Uma nova proposta de taxa, inspirada no modelo de financiamento britânico da BBC, foi mencionada durante a reunião. Outra possibilidade, como aumentar a arrecadação com recursos privados e utilizar a Lei Rouanet para ampliar o suporte financeiro da emissora, foi apresentada pelo presidente da entidade.
A ideia, apresentada originalmente durante a gestão do ex-governador Mário Covas, propõe uma taxa voluntária [segundo alegado] a ser incluída nas contas de água e luz, destinada aos contribuintes que queiram apoiar financeiramente a TV Cultura. Dessa forma, transfere-se para a população o custo de algo que deveria ser assumido pelo Estado.
A proposta “inovadora”, segundo o governador, será encaminhada à Procuradoria do Estado para que sua viabilidade jurídica seja avaliada. No entanto, de acordo com assessores, não há, por ora, indicativos de que será implementada.
A crise na TV Cultura é antiga e tem se agravado no atual governo. Atualmente, metade do quadro de funcionários da fundação é financiada por recursos públicos, enquanto o restante é composto por Pessoas Jurídicas (PJs), ou seja, terceirizados, os quais têm seus salários pagos com recursos privados. Isso é possível em razão de ser a Fundação Padre Anchieta uma entidade pública de direito privado.
PIORA NAS CONDIÇÕES DE TRABALHO
Enquanto recebe repasses do governo estadual, a organização também usufrui da prerrogativa de obter receitas adicionais de outras fontes.
“Essa distorção [em relação aos salários e natureza dos contratos trabalhistas] já vem acontecendo há bastante tempo. Por outro lado, tem um problema grave que são os acordos coletivos que a gente tenta firmar com a Cultura e a direção da empresa barra, dizendo que tem que passar pelo Governo do Estado. Então, os trabalhadores estão, há 10 anos, com uma defasagem salarial muito grande”, aponta o sindicalista.
“A gente conquistou nos últimos tempos alguns reajustes, mas reajustes pontuais. Hoje você tem uma defasagem de quase 50% sobre os salários de jornalistas e um índice, até maior [nos] dos radialistas”, revela. “Isso porque o reajuste depende do governo estadual”, explica o dirigente sindical.
“Com a eleição do Tarcísio, desde 2023, a gente vê que houve uma piora nessas condições, o que ficou mais grave nesse ano. Ele contingenciou os recursos – ele continua pagando a folha salarial, claro, mas os outros recursos, para pagar água, pagar luz, etc., – foram contingenciados”.

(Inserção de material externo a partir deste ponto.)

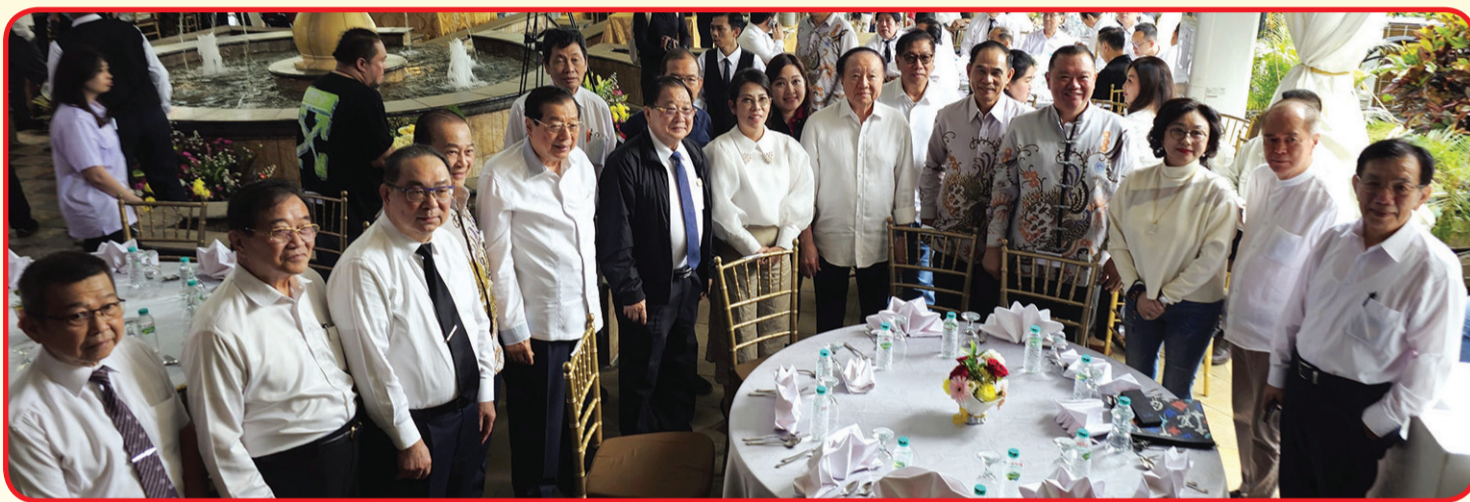
Sejumlah tokoh yang hadir dalam acara.

Com a retenção de R$ 13 milhões, em setembro, a TV Cultura teve que demitir mais de 100 profissionais, boa parte deles PJs, repercutindo na grade de programação, com o fim o fim de alguns programas que vinham sendo exibidos.
“A gente fez uma mobilização importante que de alguma maneira pressionou o governo, que afirmou que iria destravar parte desses recursos. Então, de setembro para cá houve algum aporte desses recursos que foram contingenciados, mas agora, com essa fala do Tarcísio, fica clara a intenção de privatizar a TV Cultura”, avalia Thiago Tanji.
No encontro que tratou de aportes e a ideia de veiculação de publicidade pela emissora, Marton destacou a importância de equilibrar as necessidades de receita com a manutenção do caráter público da TV Cultura, indicando que é necessário “não chegar ao extremo de ter comerciais como a TV comum e também não achar que esse recurso não é importante em um momento em que a gente fala sobre eficiência”.